Quote the data below in full, minus the images.

-------- AVAILABLE DATA

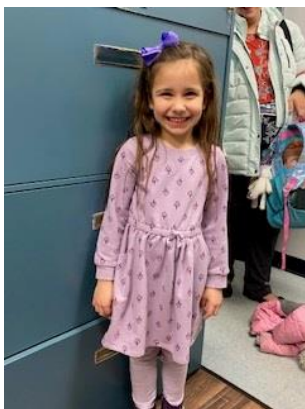
Arielle Blackford Kindergarten
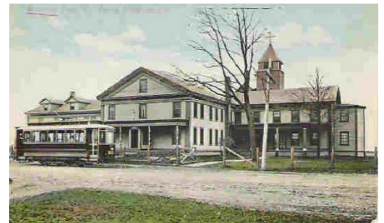
Electric trolleys served users of Fanny Allen Hospital in the early 1900s.

For more information about the Colchester Historical Society, please visit https://www.colchestervt.gov/422/Colchester-Historical-Society . Also, check out their Facebook page at https://www.facebook.com/ColchesterVermontHistoricalSociety
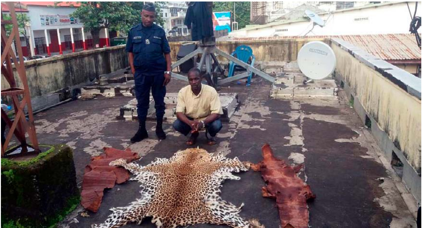
A trafficker arrested with a leopard skin and two crocodile skins in Conakry
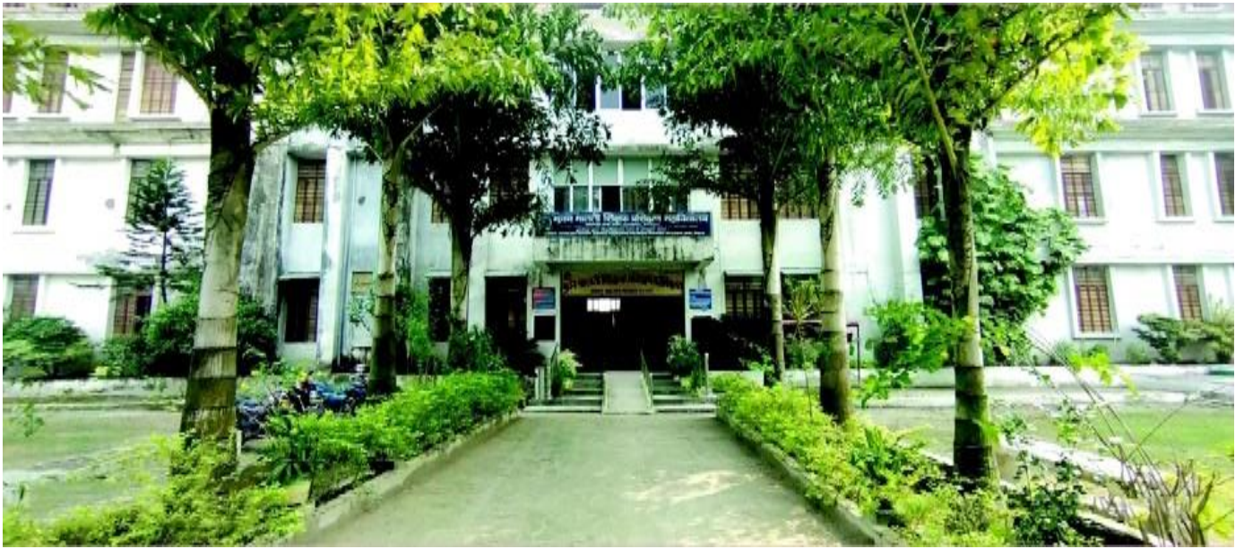
MEMORY OF BHUVAN MALTI TEACHERS' TRAINING COLLEGE, MOTIHARI

Teaching is one of the professions that gives a person the chance to build a healthy academic system for the country. Hence, as a teacher, you will be entrusted with educating children – the future of the country. You will be shaping minds and helping children develop and become all round individuals.
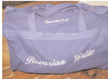
Gym bag — 25 points
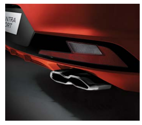
Standard chrome-tipped sport exhaust
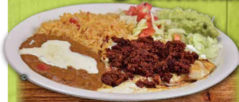
Pollo Toluca - 14.95

Grilled tender chicken breast covered with white cheese sauce and chorizo (Mexican sausage). Served with rice and beans with guacamole salad. Choice of flour or corn tortillas.
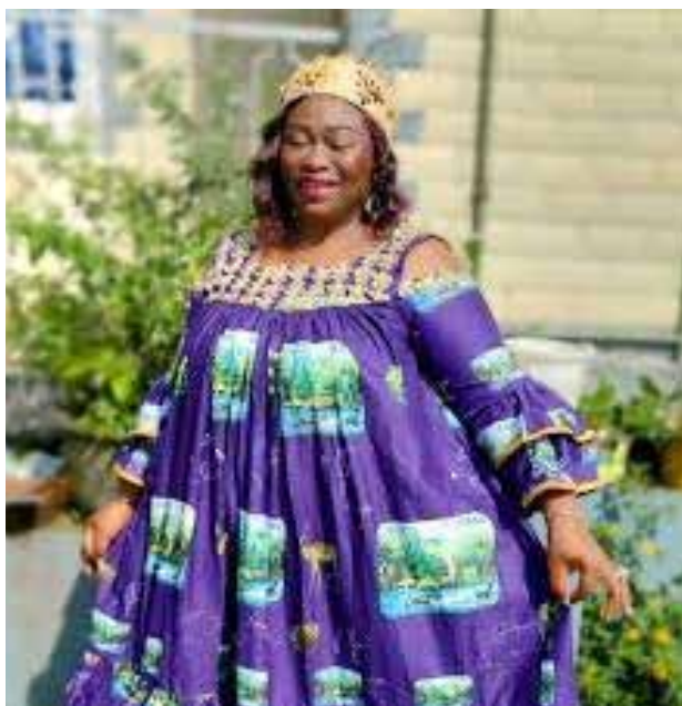
Fako Fabric worn at the 2023 Mbando Ya Hvako Cultural Festival

recipes, and cultural commentary. All proceeds from the magazine directly support the development of the cultural center.

----------------

▶ _RESULT FOR THIS TASK_:
Arielle Blackford Kindergarten
Electric trolleys served users of Fanny Allen Hospital in the early 1900s.

For more information about the Colchester Historical Society, please visit https://www.colchestervt.gov/422/Colchester-Historical-Society . Also, check out their Facebook page at https://www.facebook.com/ColchesterVermontHistoricalSociety
A trafficker arrested with a leopard skin and two crocodile skins in Conakry
MEMORY OF BHUVAN MALTI TEACHERS' TRAINING COLLEGE, MOTIHARI

Teaching is one of the professions that gives a person the chance to build a healthy academic system for the country. Hence, as a teacher, you will be entrusted with educating children – the future of the country. You will be shaping minds and helping children develop and become all round individuals.
Gym bag — 25 points
Standard chrome-tipped sport exhaust
Pollo Toluca - 14.95

Grilled tender chicken breast covered with white cheese sauce and chorizo (Mexican sausage). Served with rice and beans with guacamole salad. Choice of flour or corn tortillas.
Fako Fabric worn at the 2023 Mbando Ya Hvako Cultural Festival

recipes, and cultural commentary. All proceeds from the magazine directly support the development of the cultural center.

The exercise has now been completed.